Imaging is crucial for clinical decision making, and yet it is poorly integrated with clinical and molecular data in contemporary clinical databases. Hundreds of diagnostic and treatment variables are recorded routinely in clinical evaluation while the results from imaging exams are reduced to handful of categorical values. Difficulties include that the information in the images is neither explicit nor in standard computer-accessible formats. The problem is further complicated by multiple imaging modalities, creating the need to segment, map, co-register in space and time, and fuse. Each action is a source of errors in accuracy and reproducibility.

At the University of Miami (UM) we partnered with MIM (MIM, Cleveland, OH), a commercial platform for image processing to develop a systematic procedure for semi-automated processing of mpMRI into explicit, standard computer accessible format, and integrate the quantitative imaging features in existing clinical RedCap database.
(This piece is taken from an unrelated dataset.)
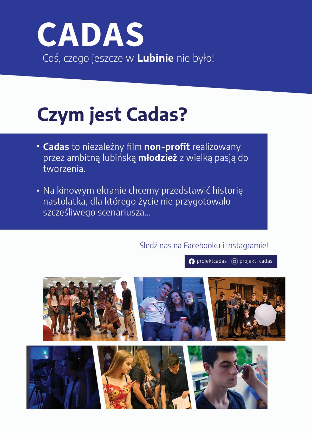 Już w lutym będzie można zobaczyć efekty pracy grupy młodych filmowców z Lubina. Najpierw odbędzie się premiera w kinie Muza, a kilka godzin później w internecie. – Jestem zadowolony z wyników i mam nadzieję, że widzom film też się spodoba. Produkcja nie powstała po to, byśmy na niej zarobili, ale chcemy wpłynąć na ludzi, żeby się zastanowili nad tym, jak postępują – mówi o projekcie „Cadas” reżyser, scenarzysta i pomysłodawca filmu Michał Cywiński.

We are refining quantitative imaging methods that enhance tumor characterization and biopsy positioning through the application of spatially explicit quantitative image analysis that recognizes tumor heterogeneity and defines regionally distinct habitats.²⁵

The nascent field of radiomics has the potential to enable the addition and analysis of computer accessible imaging features to diagnostic, pathologic, therapeutic, and follow-up data in clinical trials that may lead to better stratification, treatment, and prognosis of patients, and lead to better insights into imaging features that are non-invasive biomarkers of underlying molecular pathways, and overall, better future prospective clinical trials. Although radiomics can be applied to a large number of diseases, it is developing at large pace in oncology because of the support of the National Cancer Institute (NCI) Quantitative Imaging Network (QIN) and other initiatives from the NCI Cancer Imaging Program.